Second, Lord Justice Laws explicitly mentioned Article 10 of the European Convention of Human Rights (which protects free expression) and the requirement under Article 10 for a balancing exercise. It appeared to me - and I will be interested to read the judgment carefully on this when it is published - that the implication was that the initial ruling had not sufficiently engaged Article 10 of the Convention.
Third, Lord Justice Laws seemed to accept that it was arguable that it was disproportionate to really expect a defendant to show that a corporate entity could have a subjective dishonest intent.
Fourth, and most importantly, Lord Justice Laws gave permission for a full appeal on the meaning of the alleged libel.
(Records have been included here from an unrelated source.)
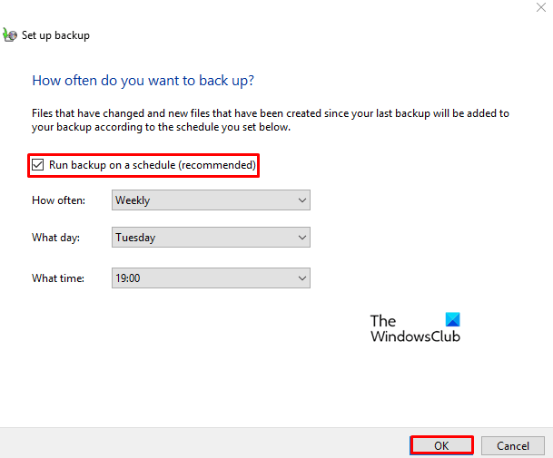 Most kattintson aVáltozás ütemezéslink. Állítsa be az időt, és jelölje be a mellette lévő négyzetetFuttassa a biztonsági mentést ütemezettengomb.
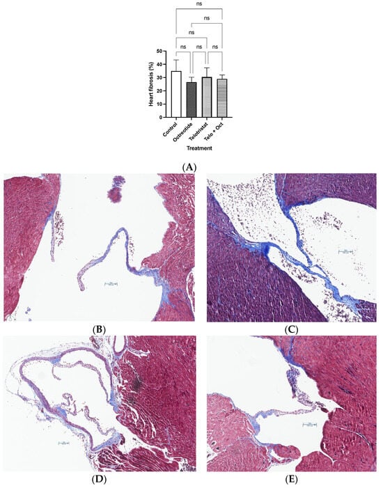(A) Heart fibrosis at sacrifice using Sirius red immunostaining. Data represent the mean with standard deviation. Representative images of valve fibrosis evaluated using histochemistry with Masson’s trichrome using a 10× scale in (B) the control group; (C) the octreotide group; (D) the telotristat group; (E) the combination group (telotristat and octreotide).
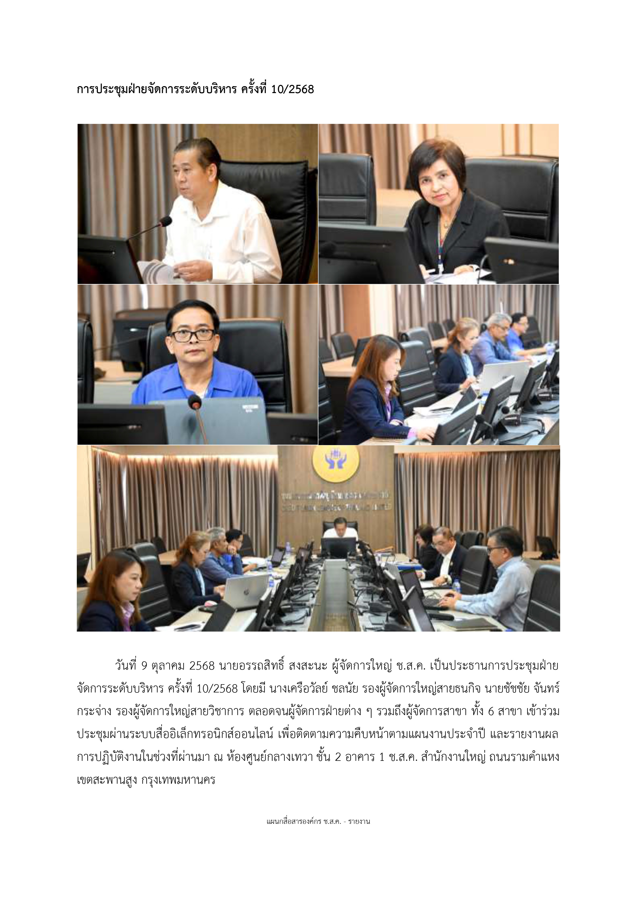 การประชุมฝ่ายจัดการระดับบริหาร ครั้งที่ 10/2568
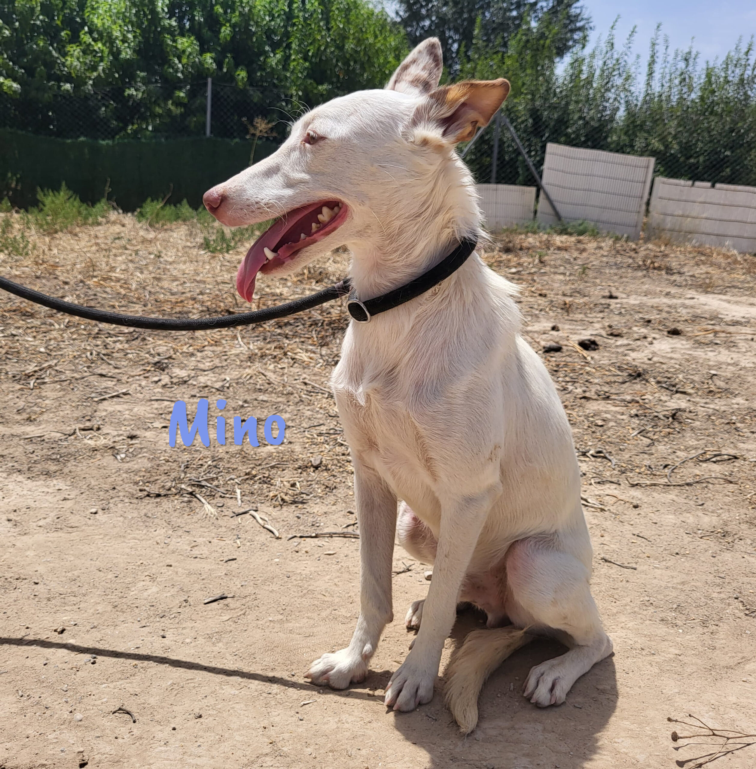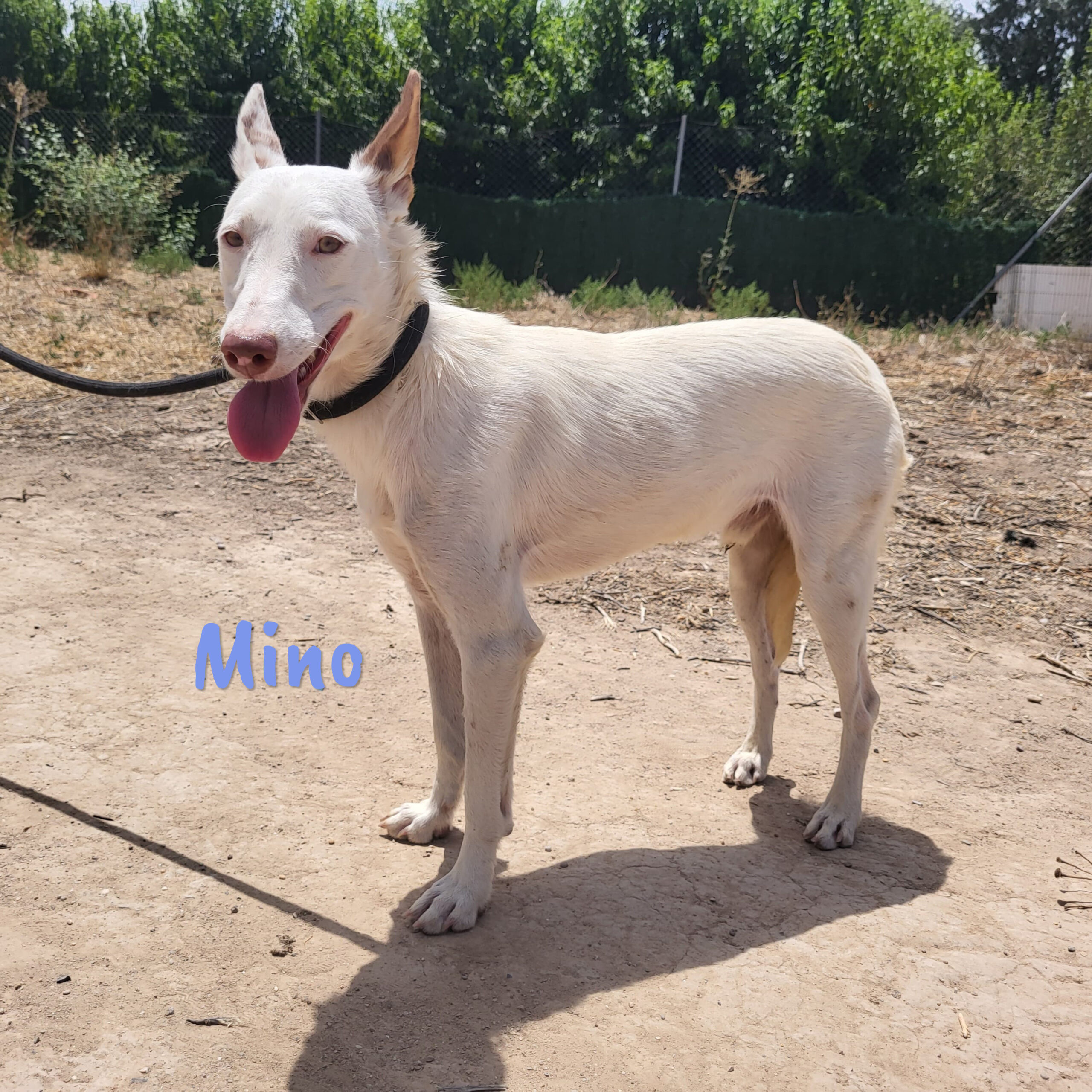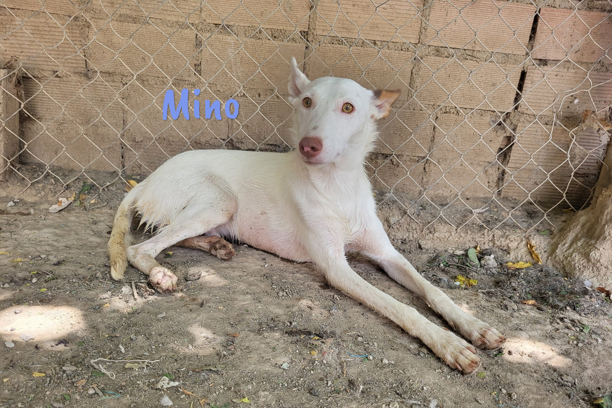 Mino wurde in dem Hof einer Schule gefunden. Er spielte fröhlich mit den Kindern und so entschied der Schuldirektor, nicht die Perrera, sondern Alicia anzurufen. Mino ist ein eher ruhiger und verschmuster Hund, der sich mit allen gut versteht.
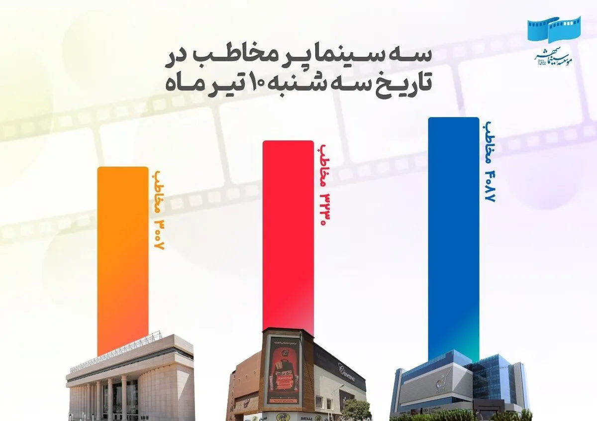 تعداد مخاطبان سینما در روز سه‌شنبه دهم تیرماه، به حدود یکصد هزار نفر رسید که در این میان پردیس «کورش» تهران، «هویزه» مشهد و «هنر شهر آفتاب» شیراز به ترتیب در فهرست پرمخاطب‌ترین مجموعه‌های سینمایی قرار گرفتند.

This means that Simon can now re-argue before the Court of Appeal that his article was fair comment.
The appeal will not therefore be limited to deciding which factual meaning Simon will need to justify.
This Court of Appeal hearing will be in around six months time, perhaps in time for the next Chiropractic Awareness Week.
However, a warning. It is important to note what this decision does not mean:
- the High Court's adverse ruling has not been overturned: it is entirely possible for the Court of Appeal to still uphold the High Court's original adverse ruling; and
- the Court of Appeal has not criticised or in any way ruled against the BCA's case.
The Court of Appeal has held that Simon has an arguable case for a full appeal on meaning; but this certainly does not mean that they will necessarily accept his case at the full appeal, and so his case may still be rejected.
But it does turn the litigation clock back to the very beginning of the preliminary hearing and gives Simon a well-deserved (and legally rather unexpected) opportunity to argue before the Court of Appeal what his article actually meant.
So, in summary, this is the best possible outcome for this application for permission to appeal.
And it is also the best possible reward for Simon's awesome determination to be able to properly defend in court what he said about the British Chiropractic Association's promotion of chiropractic for various children's ailments.
I will set out the full judgment on this site as soon as it is published with a detailed commentary.